Yamsri Supawadee, Prommetta Simaporn, Srivorakun Hataichanok, Taweenan Wachiraporn, Sanchaisuriya Kanokwan, Chaibunruang Attawut, Fucharoen Goonnapa, Fucharoen Supan
Centre for Research and Development of Medical Diagnostic Laboratories, Faculty of Associated Medical Sciences, Khon Kaen University Khon Kaen 40002, Thailand.
Am J Transl Res. 2022 Feb 15;14(2):1315-1323. eCollection 2022.

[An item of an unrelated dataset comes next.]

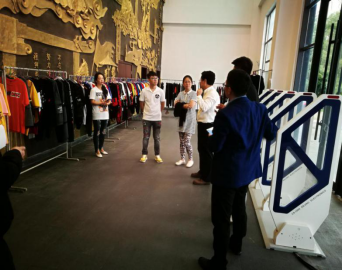 为了教学成果汇报展能呈现出最好的效果,2019年4月25日,负责校企合作的常务副董事长徐炜,校企合作办主任王广寿,MK体育副经理刘琼、产品开发课程任课教师贺晓亚,时尚传媒公司表演教研室教师刘君亮,及京猫创业投资有限公司总经理李朋伟,设计师汪之亮、刘洋鸣等共同在图书馆一楼T台秀场为此次校企合作·跨界融合教学成果汇报展试衣彩排出谋划策。

A co-inheritance of α-thalassemia can ameliorate the clinical severity of the hemoglobin (Hb) E-β-thalassemia disease. This information should be provided at prenatal diagnosis. Identification of α-thalassemia in an affected fetus is therefore valuable. We have explored this genetic interaction in a large cohort of affected fetuses with hemoglobin (Hb) E-β-thalassemia in northeast Thailand.
A study was done retrospectively on 1,592 couples at risk of having fetuses with Hb E-β-thalassemia, encountered from January 2011 to December 2019. A total of 415 left-over DNA specimens of the affected fetuses with Hb E-β-thalassemia disease were further investigated. Examination of α-thalassemia was done using gap-PCR or a multiplex PCR assay for simultaneous detection of Hb E and α-thalassemia mutations.

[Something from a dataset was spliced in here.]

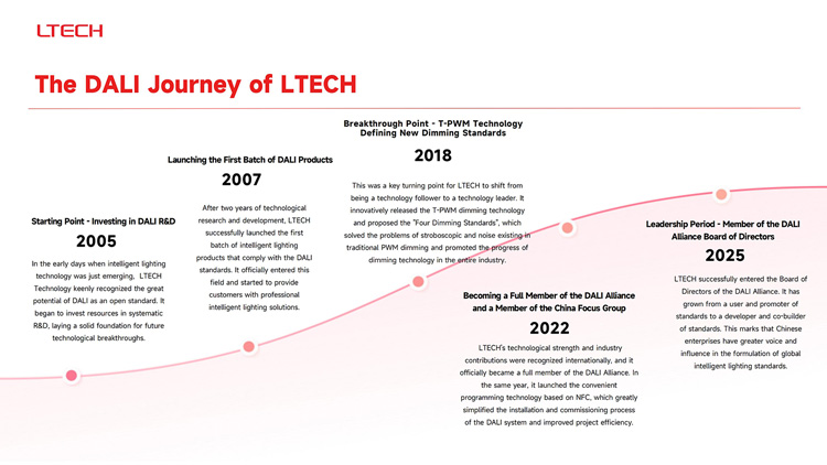 The 6th DALI Alliance China Ecological Partners Conference and DALI China Awards Ceremony has successfully concluded. As one of the core sponsors of this grand event, LTECH is honored to gather with leading figures in the lighting industry. We will continue to fulfill our responsibilities as a member of the DALI Alliance Board of Directors, with technological innovation at our core and an open ecosystem as our guide. We will continuously explore the application possibilities of DALI technology in more scenarios, contribute more to the development of the smart lighting industry, and work together with industry partners to draw a new blueprint for smart lighting.

Of the 415 affected fetuses, the two most common β-thalassemia genes found were the codons 41/42 (-TTCT) (199/415; 48.0%) and codon 17 (A-T) (115/415; 27.7%). α-thalassemia was found unexpectedly in 21 (5.1%) fetuses. Hematologic phenotypes of the parents indicated that it was impossible to differentiate a pure β-thalassemia carrier from a double β-thalassemia/α-thalassemia heterozygote unless DNA analysis is performed. In contrast, a reduced level of Hb E in the Hb E carrier (<25%) is a valuable marker for predicting double heterozygosity for Hb E/α-thalassemia. This could be further confirmed using a multiplex PCR assay.

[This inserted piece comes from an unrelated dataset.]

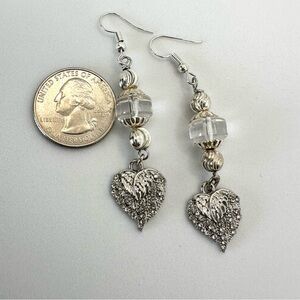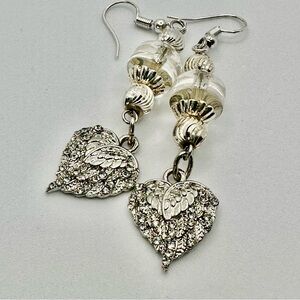New Handmade Earrings - Elegant silver dangle earrings featuring heart shaped feathers with sparkling rhinestones. Clear glass beads and silver-tone accents will complement any outfit.

There is a high prevalence of co-inheritance of α-thalassemia in fetuses with Hb E-β-thalassemia disease. In a high-risk population such as Thailand, we recommend screening for α-thalassemia in all affected fetuses with Hb E-β-thalassemia disease and providing complete genetic information to the parents to make appropriate decisions at prenatal diagnosis and genetic counseling.
α地中海贫血的共同遗传可改善血红蛋白E-β地中海贫血疾病的临床严重程度。这一信息应在产前诊断时提供。因此,在受影响胎儿中鉴定α地中海贫血具有重要价值。我们在泰国东北部一大群患有血红蛋白E-β地中海贫血的受影响胎儿中探索了这种基因相互作用。
对2011年1月至2019年12月期间遇到的1592对有患血红蛋白E-β地中海贫血胎儿风险的夫妇进行回顾性研究。对415份患有血红蛋白E-β地中海贫血疾病的受影响胎儿的剩余DNA样本进行了进一步研究。使用缺口PCR或多重PCR检测法检测α地中海贫血,同时检测血红蛋白E和α地中海贫血突变。
在415例受影响胎儿中,发现的两种最常见的β地中海贫血基因是密码子41/42(-TTCT)(199/415;48.)和密码子17(A-T)(115/415;27.7%)。意外地在21例(5.1%)胎儿中发现了α地中海贫血。父母的血液学表型表明,除非进行DNA分析,否则无法区分纯β地中海贫血携带者和双β地中海贫血/α地中海贫血杂合子。相比之下,血红蛋白E携带者中血红蛋白E水平降低(<25%)是预测血红蛋白E/α地中海贫血双杂合性的重要指标。这可以通过多重PCR检测法进一步证实。
血红蛋白E-β地中海贫血疾病胎儿中α地中海贫血共同遗传的患病率很高。在泰国这样的高危人群中,我们建议对所有患有血红蛋白E-β地中海贫血疾病的受影响胎儿进行α地中海贫血筛查,并向父母提供完整的基因信息,以便在产前诊断和遗传咨询时做出适当决策。